4.2.5. Keeping CDC Information

The Redshift applier can keep the CDC data, that is, the raw CDC CSV data that is recorded and replicated during the loading process, rather than simply cleaning up the CDC files and deleting them. The CDC data can be useful if you want to be able to monitor data changes over time.

The process works as follows:

  1. Batch applier generates CSV files.

  2. Batch applier loads the CSV data into the staging tables.

  3. Batch applier loads the CSV data into the CDC tables.

  4. Staging data is merged with the base table data.

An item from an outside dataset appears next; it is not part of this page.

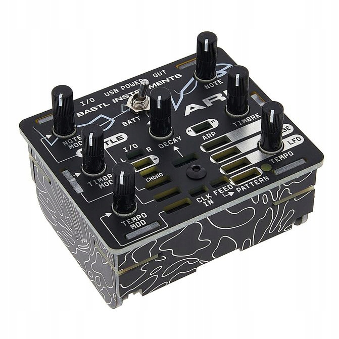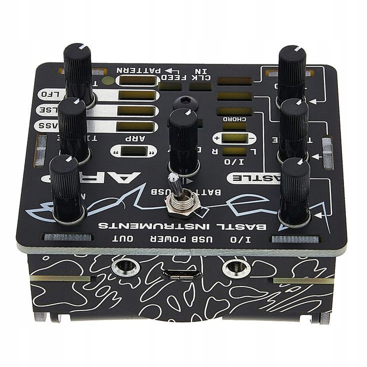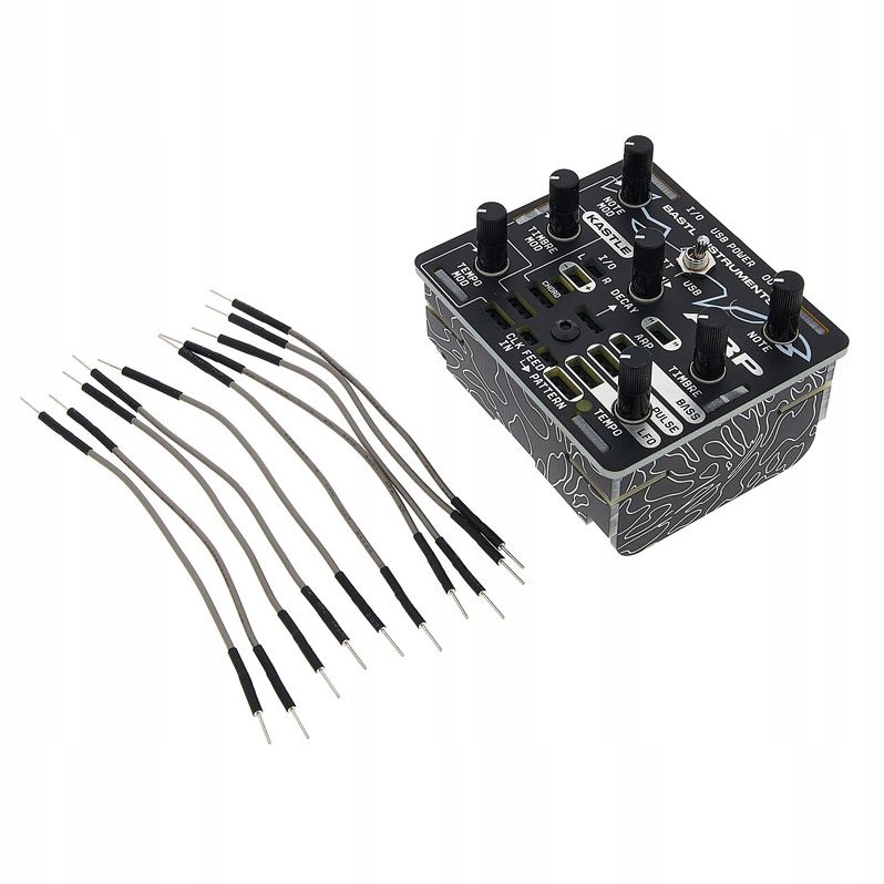 Bastl Instruments Kastle ARP- Модульний міні-синтезатор із секвенсором- Генератор синусоїдальної хвилі з квантувачем висоти та цифровим формувачем хвилі- Ручка керування нотами для вибору висоти та ручка керування акордами для вибору тризвукового акорду- Режим завантаження дозволяє встановити основну ноту та тонкий- настройка- Керування тембром (форматор хвилі) з модуляційним входом і аттенюатором- Регульована огинаюча затухання- Окремі виходи для сигналів Arp і Bass- Внутрішній LFO з трикутною та імпульсною формами хвилі- Вхід годинника та патч-точки для керування внутрішнім секвенсором/регістром зсуву- патч-точки для підключення до зовнішнього пристрою/виходу для навушників (роз'єм 3,5 мм) - живлення від батарейок (x3 типу AA) або порту Micro USB (батареї та блок живлення не входять до комплекту) - розміри (ШxГxВ): 70 x 60 x 50 мм - включаючи 10 патч-кабелі

  5. Staging data is deleted.

Unlike the staging and base table information, the data in the CDC tables is kept forever, without removing any of the processed information. Using this data you can report on change information over time for different data sets, or even recreate datasets at a specific time by using the change information.

To enable this feature:

  1. When creating the DDL for the staging and base tables, also create the table information for the CDC data for each table. The actual format of the information is the same as the staging table data, and can be created using ddlscan:

    shell> ddlscan -service my_red -db test \
        -template ddl-mysql-redshift-staging.vm \
        -opt renameSchema cdc_{schema} -opt renameTable {table}_cdc
  2. In the configuration file, s3-config-svc.json for each service, specify the name of the table to be used when storing the CDC information using the storeCDCIn field. This should specify the table template to be used, with the schema and table name being automatically replaced by the load script. The structure should match the structure used by ddlscan to define the CDC tables:

    {
      "awsS3Path" : "s3://your-bucket-for-redshift/redshift-test",
      "awsAccessKey" : "access-key-id",
      "awsSecretKey" : "secret-access-key",
      "storeCDCIn" : "cdc_{schema}.{table}_cdc"
    }
  3. Restart the replicator using replicator restart to update the configuration.